Deswegen wunderte es mich nicht, als er eines Sonntags zu mir kam und mehr klarstellte als fragte, dass wir mit den Brückners nach Alzheina, so hieß sein einstiges Heimatdorf, fahren. Das Wasser sei aufgrund des übernatürlich heißen Sommers und dem geringen Niederschlag nur noch zu vereinzelten Tümpeln vorhanden und nun könne man die Überreste des einstigen Dorfes an den Ufern besichtigen. Ich habe ihn noch nie so aufgeregt gesehen wie an diesem Sonntagmorgen.  Und gestrahlt hat er seit langem auch nicht mehr so wie heute. Ich freute mich für ihn. Um ihm die Laune nicht zu verderben, willigte ich ein, mitzukommen. Natürlich unter der Bedingung ein Eis mit drei Kugeln zu bekommen, falls in der Nähe irgendwelche Eisläden wären. Es war ja schließlich mitten im Sommer.

Bisher habe ich nur alte Bilder von Alzheina im verstaubten Bilderbuch meines Vaters auf dem Dachboden  gesehen. Es würde also auch ein wenig aufregend für mich sein, diese Bilder endlich in real sehen zu können. Ich wusste zwar, dass von dem Dorf und der damaligen Umgebung nicht mehr viel übrig war, aber es war immerhin etwas. Dads Vergangenheit zu erkunden war für mich ein Abenteuer, das sich definitiv lohnte, erlebt zu werden.

Wir beide fuhren also von Plauen aus, wo wir zurzeit wohnten, Richtung der Talsperre. Auf dem Weg dorthin, standen am Straßenrand überall Schilder:

Alzlantis: Auf der Spur eines versunkenen Dorfes

1 Führung ca. 2h: 60€

1 Führung ca. 1h: 30€

Familienticket ganztags mit 10% Rabatt: 20€

War ja klar, dass sie wieder nur Geld machen wollten. Schnell verflog die Hoffnung meines Dads, die Besichtigungstour wäre nur für ehemalige Dorfbewohner gedacht. Der Griff ums Lenkrad wurde fester und ich saß eingeschüchtert von der plötzlichen Gereiztheit meines Vaters mäuschenstill auf dem Beifahrersitz.

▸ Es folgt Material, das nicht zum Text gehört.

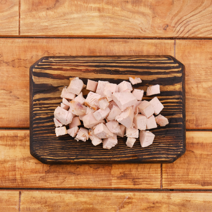 Куриную грудку разделайте: снимите мясо с кости, кожу удалите, мякоть нарежьте кубиками со стороной 1–1,5 см.
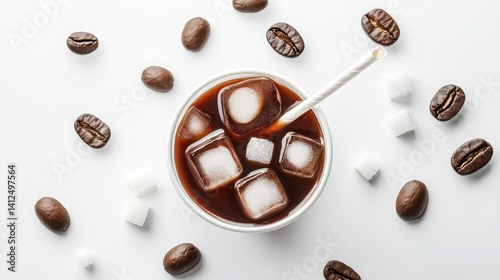 An isolated glass of refreshing iced coffee with a straw and sugar.
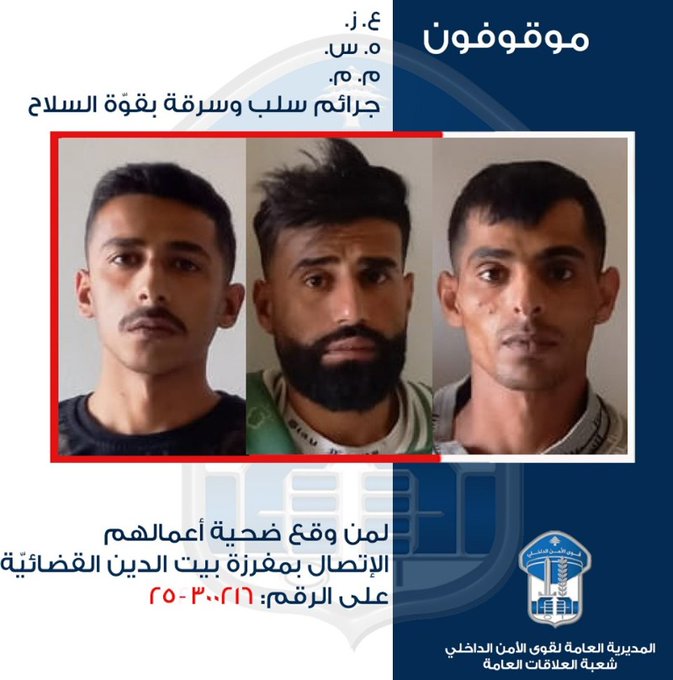 المختص، تُعمّم المديريّة العامّة لقوى الأمن الداخلي صورة الموقوفين، وتطلب من الذين وقعوا ضحيّة أعمالهم، الاتّصال بمفرزة بيت الدين القضائية، على أحد الرقمين: 300216-25 أو 300187-25، تمهيدًا لاتّخاذ الإجراءات القانونية اللّازمة.
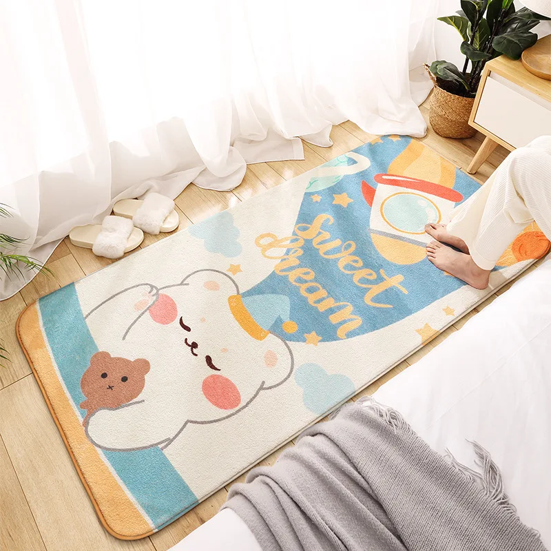 Мультяшный креативный длинный ковер для спальни, сверхплотный пушис...
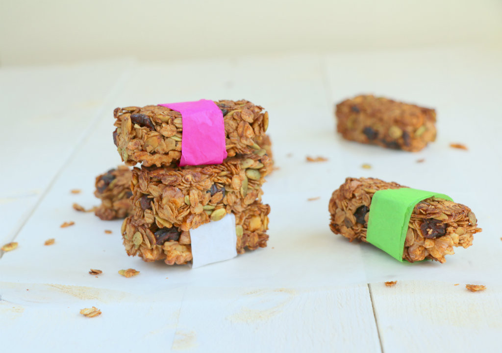 Voor de oplettende lezers, deze zelfgemaakte tussendoortjes zijn een variant op mijn speculaas granola. Kijk maar eens goed. Ik heb een aantal kleine aanpassingen gedaan en hoopte hiermee van die knapperige repen te krijgen. Persoonlijk ben ik erg tevreden over het resultaat. Ze zien er namelijk ook echt uit als repen en zijn niet uit elkaar gevallen.
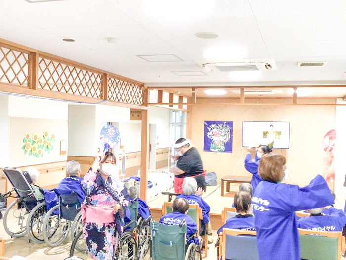 感染対策等の観点から、今年は各フロア毎の実施を検討し、職員が地域の盆踊りを踊りながら順にフロアを巡り、入所者の皆さまに少しでも夏祭りの雰囲気を感じて頂けたらと企画した。
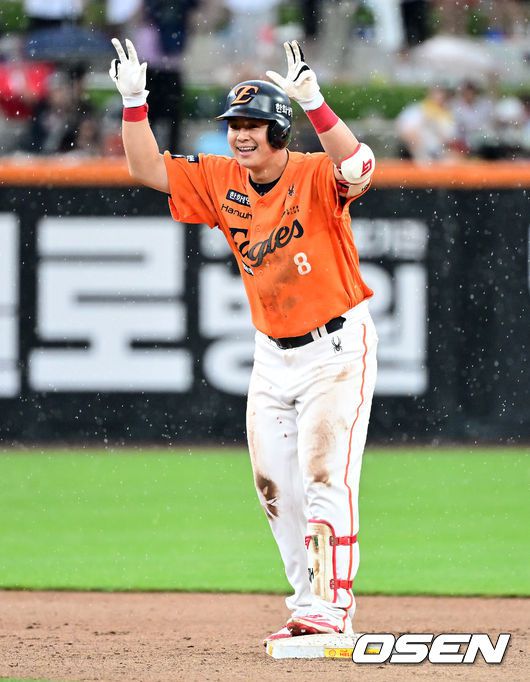 [OSEN=대전, 지형준 기자] 15일 대전 한화생명볼파크에서 2025 신한 SOL Bank KBO리그 한화 이글스와 LG 트윈스의 경기가 열렸다. 이날 한화는 문동주, LG는 송승기를 선발로 내세웠다. 5회말 1사 1루에서 한화 노시환이 역전 적시 2루타를 날리며 기뻐하고 있다. 2025.06.15 /jpnews@osen.co.kr

Auf einer Anhöhe vor der Talsperre war der Parkplatzbereich. Die Brückners warteten dort bereits auf uns vor ihrem schwarzen Mazda. In Person waren die Brückners mein bester Freund Tony(und praktisch mein einziger Freund) und sein Vater, der mit meinem Vater(praktisch sein einziger Freund) eng befreundet ist. Beide haben hier früher in der selben Straße im Dorf gewohnt, dass nicht mehr existierte. Für sie war es die pure Erfüllung ihrer Nostalgieträume. Als ob sie nie weg wären, erinnerten sie sich genauestens an die Routen, die sie mit ihren Fahrrädern damals durch das Dorf gefahren sind, und zeichneten diese mit ihren Handbewegungen in der Luft nach.